Some issues seen and some hacky fixes used while working with big data sets

Nov 21, 2010 at 9:53 AM
Edited Nov 21, 2010 at 9:54 AM

Thanks for this project - overall works great - I've used in in .Net4 for 4 separate command line apps :)

When working on some large data sets (around 75000 Items) I found the following problems - mostly to do with corrupt items in my input.

Hope this post helps other people...

Problems seen in collectionCreator.Create(m_dziPaths, m_dzcPath); in ParallelDeepZoomCreator.cs

  • System.ArgumentException in ParallelDeepZoomCreator.cs due to problems in my item names (some of my names included the "*" wildcard character - doh!
  • And System.IO.FileNotFoundException in ParallelDeepZoomCreator.cs due to unknown problem (no real clue why these particular folders didn't exist - it was 8 out of 75000...)

To fix these I just wrapped the call with: 

            List<String> toRemove = new List<string>();
            foreach (var c in m_dziPaths)
            {
                try
                {
                    System.Security.Permissions.FileIOPermission f = new System.Security.Permissions.FileIOPermission(
                            System.Security.Permissions.FileIOPermissionAccess.AllAccess, c);
                }
                catch (ArgumentException exc)
                {
                    toRemove.Add(c);
                    System.Diagnostics.Trace.WriteLine("INVALID PATH " + c);
                }
            }
            foreach (var c in toRemove)
            {
                m_dziPaths.Remove(c);
            }

            while (true)
            {
                try
                {
                    DZ.CollectionCreator collectionCreator = new DZ.CollectionCreator();
                    collectionCreator.Create(m_dziPaths, m_dzcPath);
                    break;
                }
                catch (System.IO.FileNotFoundException exc)
                {
                    System.Diagnostics.Trace.WriteLine("STUART - SORRY - REMOVING " + exc.FileName);
                    m_dziPaths.Remove(exc.FileName);
                }
            }

Some multithreaded problem seen in image download

The finalizer for PivotImage.cs occasionally sees IO exceptions in the File.Delete operation - the exception claims that the fie is currently open in another process.

Not sure what is causing this - my guess is it's a multithreading issue of some description.

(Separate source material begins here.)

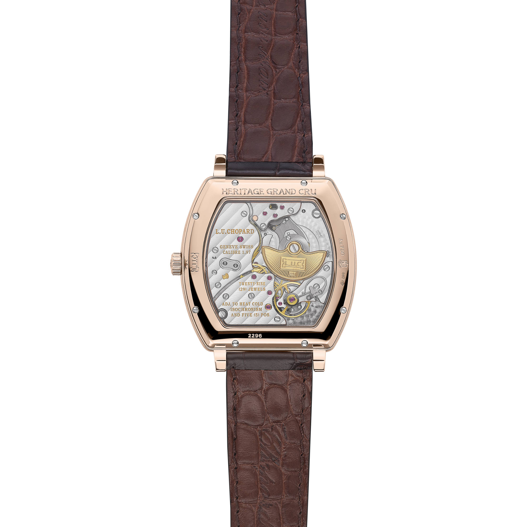 Ref. 162296-5001 - Chopard bereichert sein Sortiment um einen Chronometer in Tonneau-Form aus 18 Karat Roségold. Er wurde entworfen wie ein Ausnahmewein und stützt sich auf das Beste des uhrmacherischen Know-hows von Chopard. Die L.U.C Heritage Grand Cru besticht mit ihrem besonders flachen, anmutig geformten Design und ihrer besonderen Eleganz. Darüber hinaus ist sie eine der wenigen Uhren in Tonneau-Form mit einem Automatikwerk in derselben Form, dem L.U.C 97.01-L. Sie ist eine Referenz an die von Louis-Ulysse Chopard entworfenen Taschenuhren. Ebenso wie edler Wein klassifiziert und zertifiziert wird, wurde diese herausragende handwerkliche Kunstwerk mit der Genfer Punze und die Präzision als Chronometerklassifizierung von der COSC ausgezeichnet. Es ist mit der Twin-Technologie von Chopard ausgestattet und bietet daher eine angenehme Autonomie von 65 Stunden. Die L.U.C Heritage Grand Cru ist in vielerei Hinsicht einzigartig und adelt einen anspruchsvollen Mann, der edle Weine und herausragenden Uhren sammelt: ein moderner Genussmensch, der Chopard Gentleman von heute.Ihr Ansprechpartner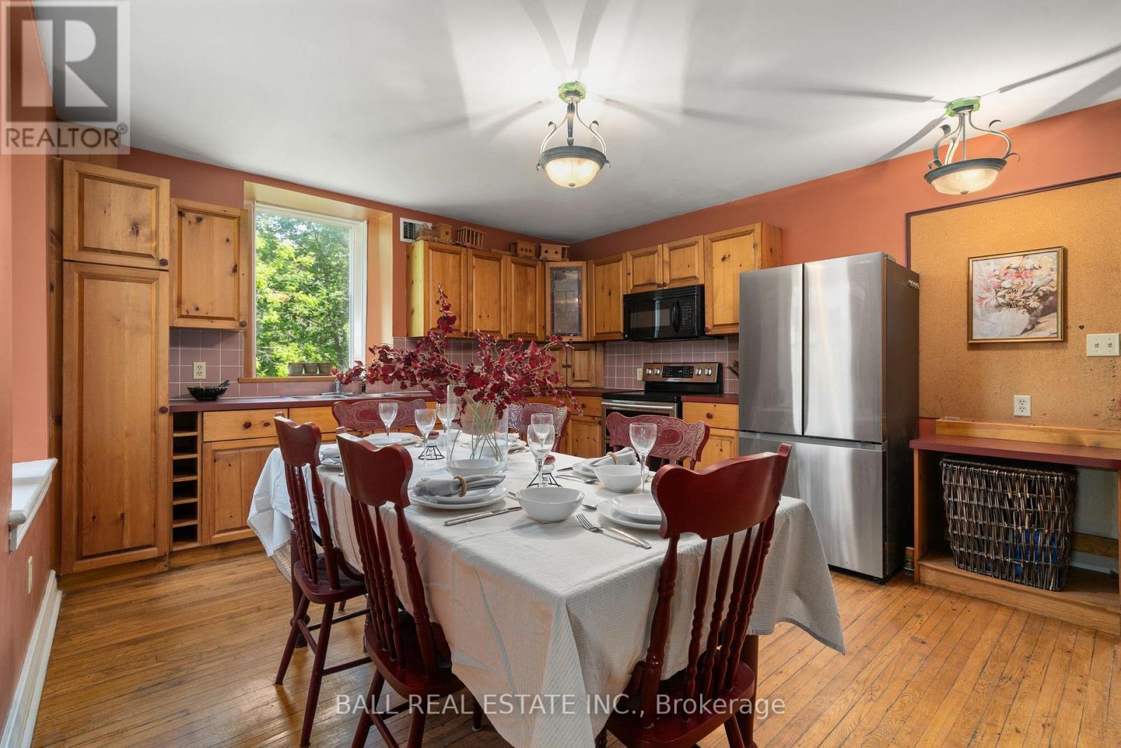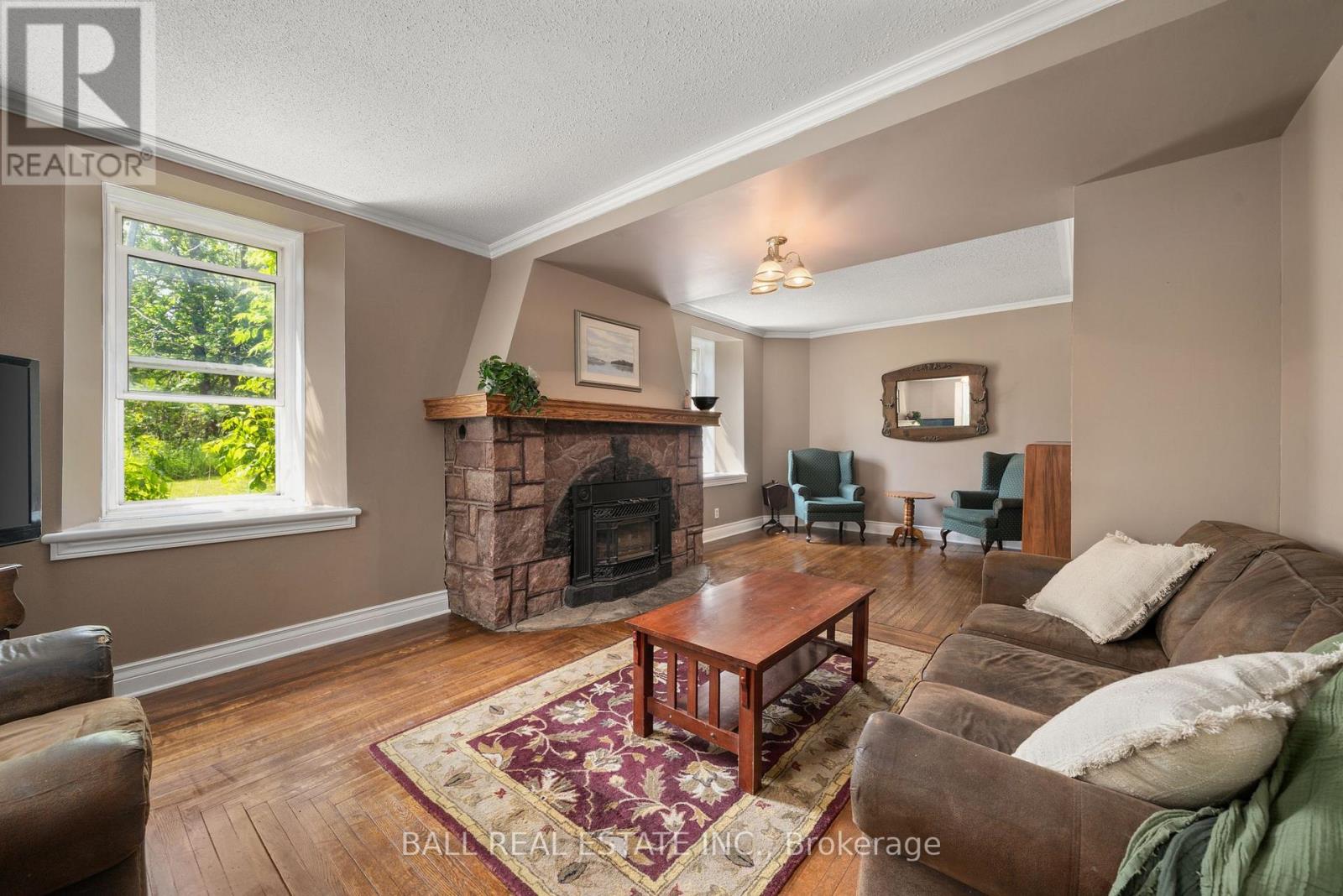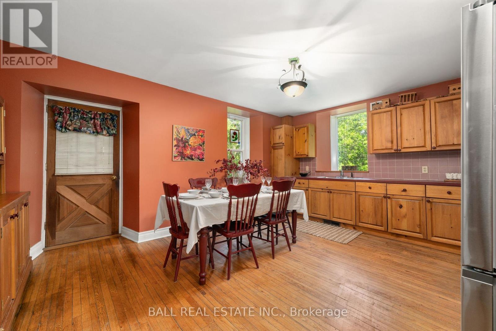 Set on 3.3 acres of open countryside just minutes to Bobcaygeon and Buckhorn, this classic two-storey home offers the space, privacy, and versatility that's getting harder to find. Originally built in the early 1900s, the home features a beautiful local limestone exterior and over 2,700 sq.ft. of living space, blending character with key updates already in place. Inside, you'll find a spacious, functional layout with a large living room anchored by a granite propane fireplace, original hardwood floors, and an eat-in kitchen with plenty of room for gathering. A main floor office nook adds flexibility for working from home, along with a convenient 2-piece bath. Upstairs offers four bright, generously sized bedrooms and a full 4-piece bathroom, making this a great fit for families or those needing extra space. The 40' x 40' detached shop is a standout feature - ideal for hobbyists, storage, or running a home-based business. Recent updates include propane furnace (2022), shingle roof (2022), updated windows, and spray foam insulated basement, providing improved efficiency and peace of mind. Located on a municipally maintained road and surrounded by farmland, you'll enjoy a quiet rural setting with Pigeon Lake just down the road, plus easy access to a local golf course and nearby marina - perfect for making the most of everything the Kawarthas has to offer. Properties offering this combination of acreage, square footage, and a large shop in this location are rare - a great opportunity to make it your own and add value over time. (id:61423)

To fix (mask) this I simple added a try catch to the finalizer:

 

        ~PivotImage()
        {
            if (m_shouldDelete == false) return;
            if (File.Exists(m_sourcePath) == false) return;

            try
            {
                File.Delete(m_sourcePath);
            }
            catch (IOException)
            {
                System.Diagnostics.Trace.WriteLine("Some clean up needed " + m_sourcePath);
            }
        }

That's it - hope it helps someone.

 

Jul 11, 2011 at 1:07 PM
Edited Jul 19, 2011 at 1:58 PM

Great article, saved me a lot of time!

 

In general, I recommend using

PauthorLog.Global.Error();
PauthorLog.Global.Message();
PauthorLog.Global.Warning();

instead of

System.Diagnostics.Trace.WriteLine();

as it provides a consistent way of logging output.